Exactly reproduce the lines of the listing below from the one containing "ちょうど涸沢を境に紅葉がピー" through the one containing "肉質にこだわり味も値段も間違". Skip the images.

START Source records

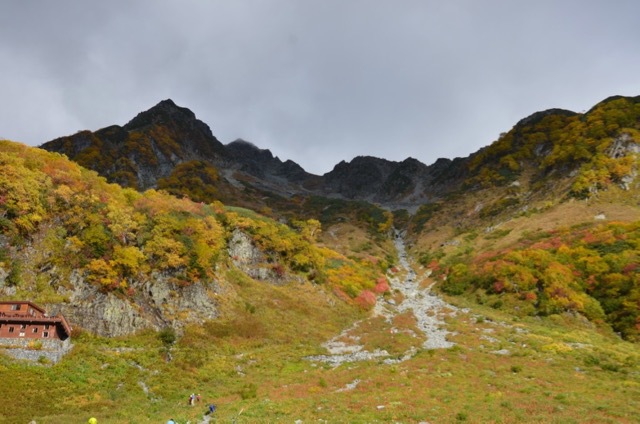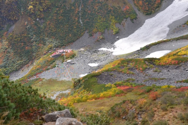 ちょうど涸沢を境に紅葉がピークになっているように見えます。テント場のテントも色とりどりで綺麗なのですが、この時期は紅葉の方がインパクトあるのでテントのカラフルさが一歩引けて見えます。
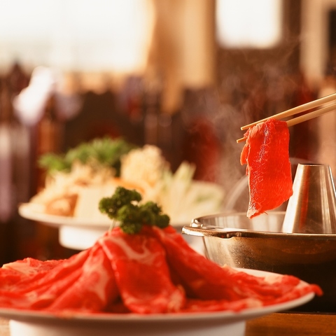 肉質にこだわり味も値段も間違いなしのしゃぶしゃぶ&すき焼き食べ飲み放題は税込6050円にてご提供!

END Source records
START Source records

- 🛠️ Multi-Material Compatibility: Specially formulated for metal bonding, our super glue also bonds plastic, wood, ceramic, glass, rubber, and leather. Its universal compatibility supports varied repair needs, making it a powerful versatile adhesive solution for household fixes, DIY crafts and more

END Source records
START Source records

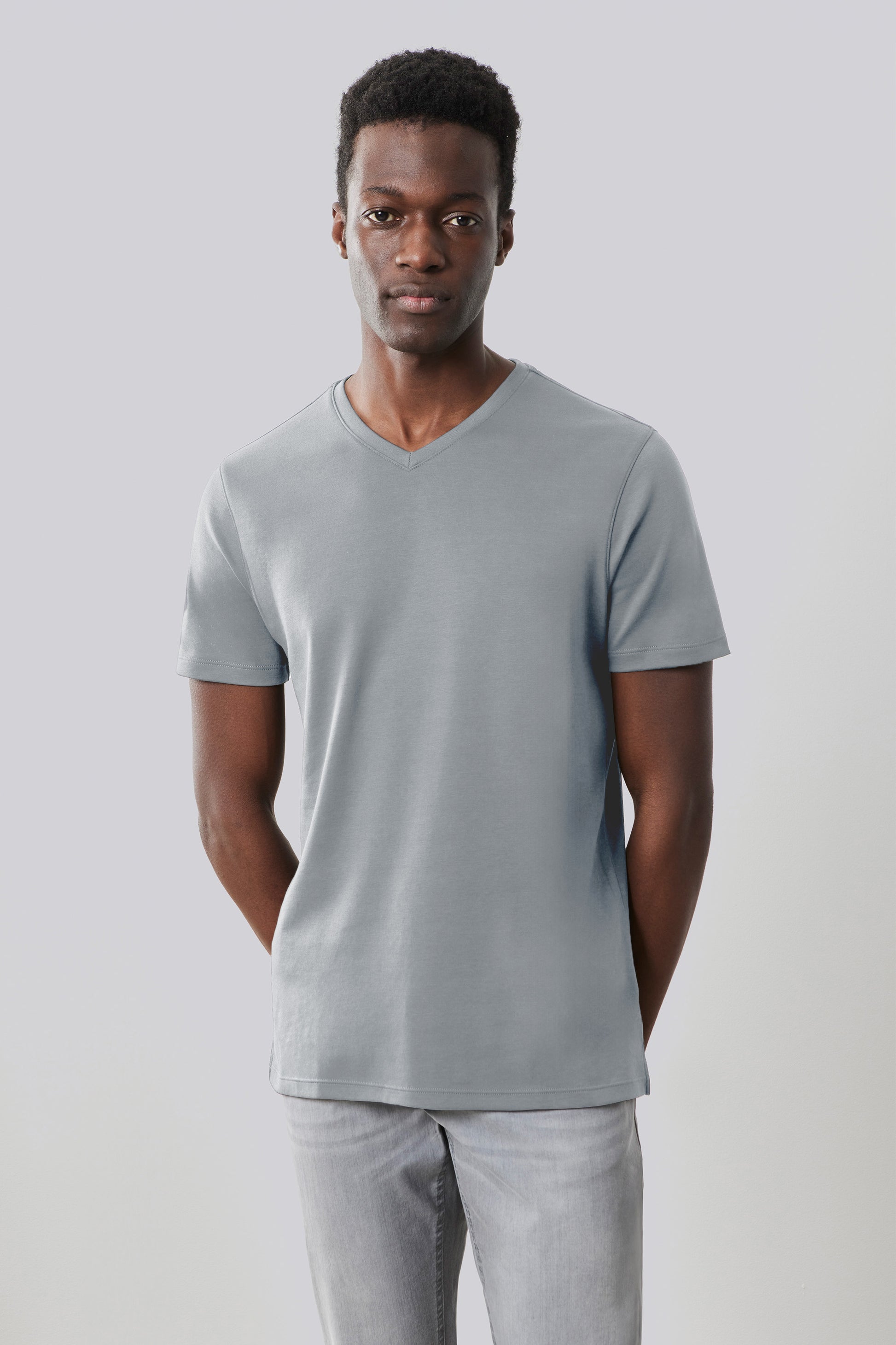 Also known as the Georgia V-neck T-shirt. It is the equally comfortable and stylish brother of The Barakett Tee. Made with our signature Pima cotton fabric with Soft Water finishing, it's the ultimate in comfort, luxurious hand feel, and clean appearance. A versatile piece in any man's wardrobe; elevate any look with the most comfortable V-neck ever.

END Source records

Exercise solution ->
 ちょうど涸沢を境に紅葉がピークになっているように見えます。テント場のテントも色とりどりで綺麗なのですが、この時期は紅葉の方がインパクトあるのでテントのカラフルさが一歩引けて見えます。
 肉質にこだわり味も値段も間違いなしのしゃぶしゃぶ&すき焼き食べ飲み放題は税込6050円にてご提供!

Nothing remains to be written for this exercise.